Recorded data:
= Beginning of Section =

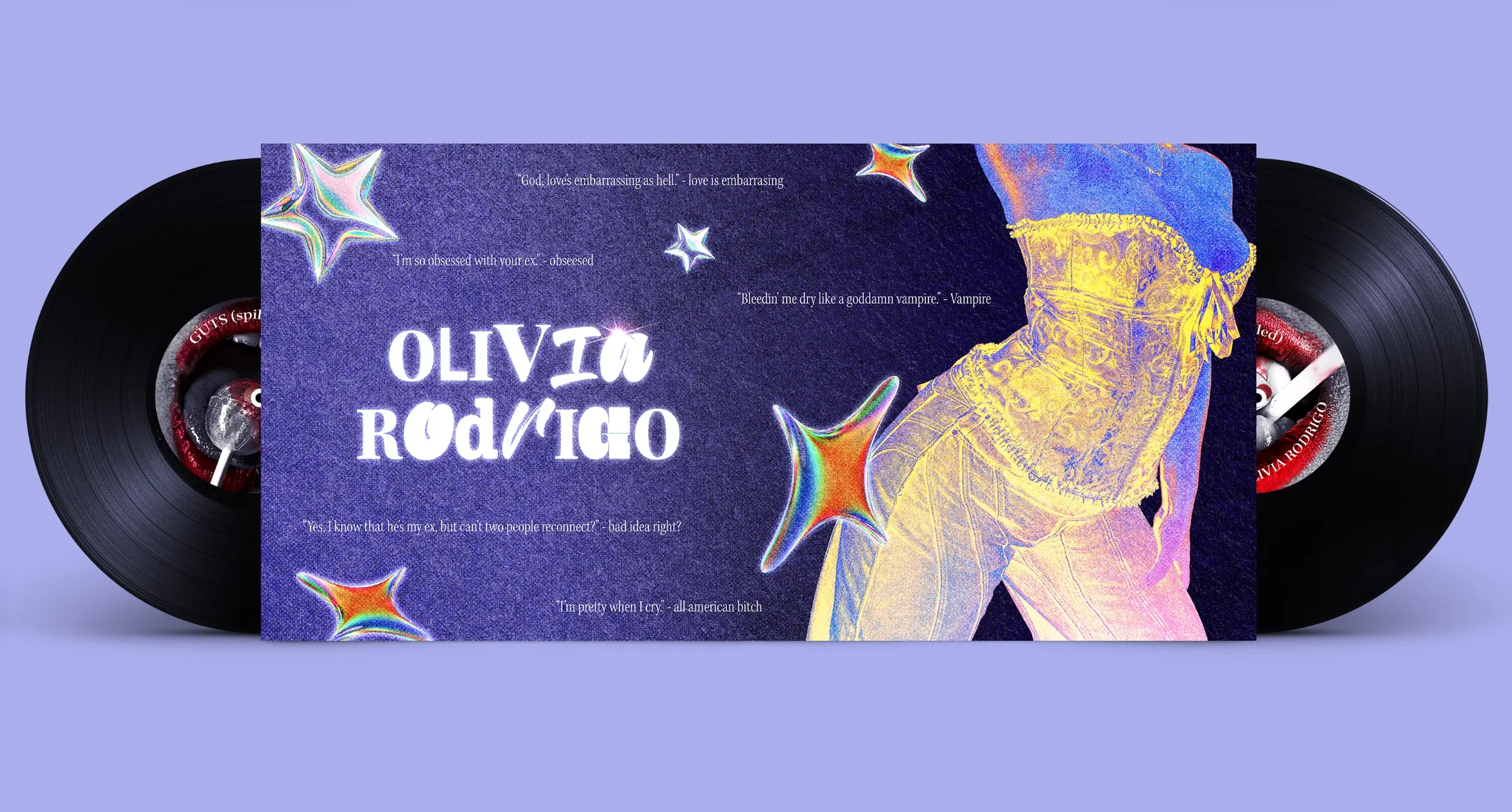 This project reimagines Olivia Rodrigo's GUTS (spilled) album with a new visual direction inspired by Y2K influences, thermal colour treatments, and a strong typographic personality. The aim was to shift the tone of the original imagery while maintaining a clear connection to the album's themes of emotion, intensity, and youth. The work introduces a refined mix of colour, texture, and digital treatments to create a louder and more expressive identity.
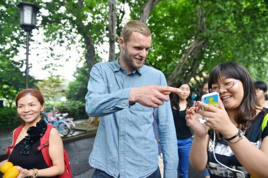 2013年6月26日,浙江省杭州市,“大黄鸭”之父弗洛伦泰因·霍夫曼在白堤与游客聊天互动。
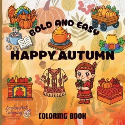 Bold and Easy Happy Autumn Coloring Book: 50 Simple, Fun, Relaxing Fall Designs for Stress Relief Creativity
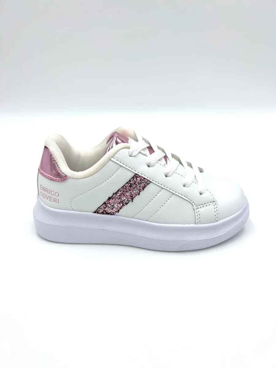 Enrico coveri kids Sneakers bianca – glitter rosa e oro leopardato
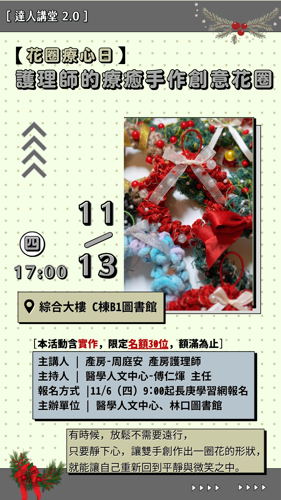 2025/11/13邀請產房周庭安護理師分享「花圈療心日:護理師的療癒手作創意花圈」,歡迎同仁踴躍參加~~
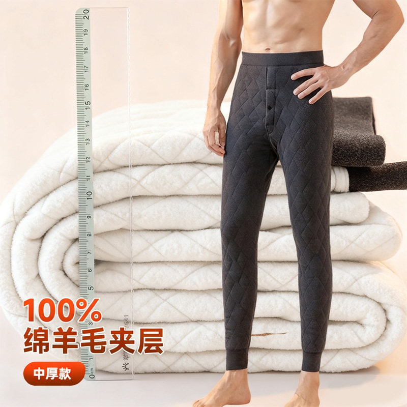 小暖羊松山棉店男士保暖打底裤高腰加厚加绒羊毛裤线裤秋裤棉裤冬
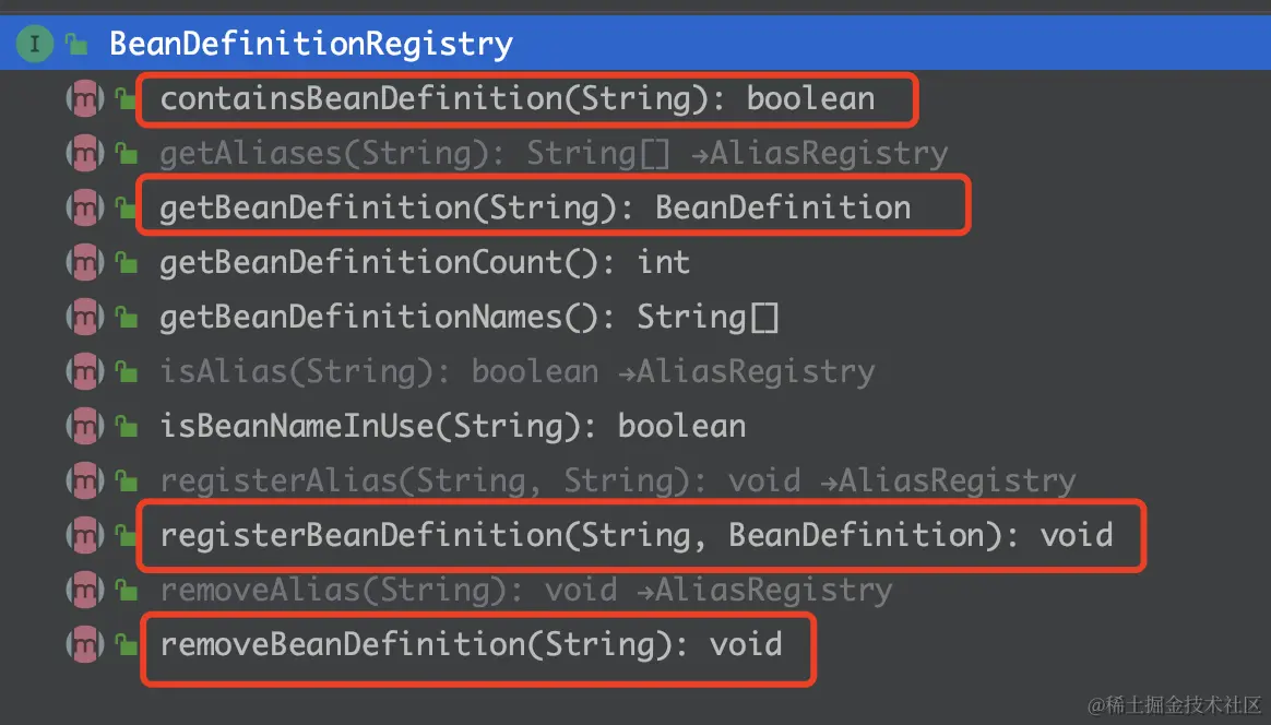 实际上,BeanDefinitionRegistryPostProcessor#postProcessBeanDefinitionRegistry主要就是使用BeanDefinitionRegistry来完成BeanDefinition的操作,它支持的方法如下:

= End of Section =

The task: Set the records down again word for word; the pictures stay out.

Completed task:
 This project reimagines Olivia Rodrigo's GUTS (spilled) album with a new visual direction inspired by Y2K influences, thermal colour treatments, and a strong typographic personality. The aim was to shift the tone of the original imagery while maintaining a clear connection to the album's themes of emotion, intensity, and youth. The work introduces a refined mix of colour, texture, and digital treatments to create a louder and more expressive identity.
 2013年6月26日,浙江省杭州市,“大黄鸭”之父弗洛伦泰因·霍夫曼在白堤与游客聊天互动。
 Bold and Easy Happy Autumn Coloring Book: 50 Simple, Fun, Relaxing Fall Designs for Stress Relief Creativity
 Enrico coveri kids Sneakers bianca – glitter rosa e oro leopardato
 2025/11/13邀請產房周庭安護理師分享「花圈療心日:護理師的療癒手作創意花圈」,歡迎同仁踴躍參加~~
 小暖羊松山棉店男士保暖打底裤高腰加厚加绒羊毛裤线裤秋裤棉裤冬
 实际上,BeanDefinitionRegistryPostProcessor#postProcessBeanDefinitionRegistry主要就是使用BeanDefinitionRegistry来完成BeanDefinition的操作,它支持的方法如下:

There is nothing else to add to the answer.